Note that I want to do this with an if statement not a switch statement or a ternary ? operator.
回答1:
As of Swift 1.2, this is now possible. The Swift 1.2 and Xcode 6.3 beta release notes state:
More powerful optional unwrapping with if let — The if let construct can now unwrap multiple optionals at once, as well as include intervening boolean conditions. This lets you express conditional control flow without unnecessary nesting.
With the statement above, the syntax would then be:
if let tabBarController = window!.rootViewController as? UITabBarController where tabBarController.viewControllers.count > 0 {
println("do stuff")
}
This uses the where clause.
Another example, this time casting AnyObject to Int, unwrapping the optional, and checking that the unwrapped optional meets the condition:
if let w = width as? Int where w < 500
{
println("success!")
}
For those now using Swift 3, "where" has been replaced by a comma. The equivalent would therefore be:
if let w = width as? Int, w < 500
{
println("success!")
}
回答2:
In Swift 3 Max MacLeod's example would look like this:
if let tabBarController = window!.rootViewController as? UITabBarController, tabBarController.viewControllers.count > 0 {
println("do stuff")
}
The where was replaced by ,
回答3:
Max's answer is correct and one way of doing this. Notice though that when written this way:
if let a = someOptional where someBool { }
The someOptional expression will be resolved first. If it fails then the someBool expression will not be evaluated (short-circuit evaluation, as you'd expect).
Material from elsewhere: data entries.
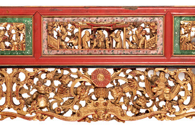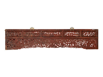 A Large Chinese Gilt and Red Lacquered Wood Panel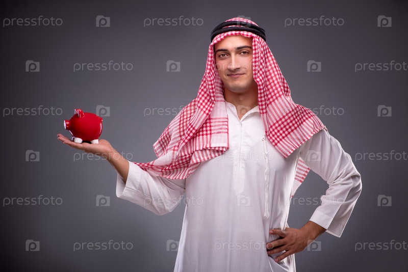 Арабский бизнесмен с пиггибанком на сером фоне
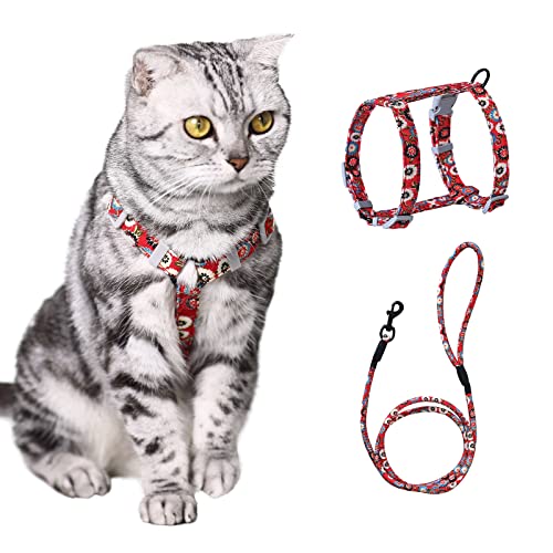 【Facile da indossare & Regolabile】L'imbracatura per gatti ha 2 fibbie di regolazione al collo, 1 fibbia di regolazione e 1 fibbia a sgancio rapido al petto, facile da mettere e togliere. Dimensioni: S: petto 18-30 cm, collo 14-22 cm. M: petto 26-40 cm, collo 22-32 cm

If you want to write this the other way around it can be done like so:
if someBool, let a = someOptional { }
In this case someBool is evaluated first, and only if it evaluates to true is the someOptional expression evaluated.
回答4:
Swift 4, I will use,
let i = navigationController?.viewControllers.index(of: self)
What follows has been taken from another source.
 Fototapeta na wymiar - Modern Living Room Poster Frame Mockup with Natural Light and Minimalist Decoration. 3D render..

if let index = i, index > 0, let parent = navigationController?.viewControllers[index-1] {
// access parent
}
回答5:
It is not possible.
From Swift grammar
GRAMMAR OF AN IF STATEMENT
if-statement → if if-condition code-block else-clauseopt
if-condition → expression | declaration
else-clause → else code-block | else if-statement
The value of any condition in an if statement must have a type that conforms to the BooleanType protocol. The condition can also be an optional binding declaration, as discussed in Optional Binding
if-condition must be expression or declaration. You can't have both expression and declaration.
let foo = bar is a declaration, it doesn't evaluate to a value that conforms to BooleanType. It declares a constant/variable foo.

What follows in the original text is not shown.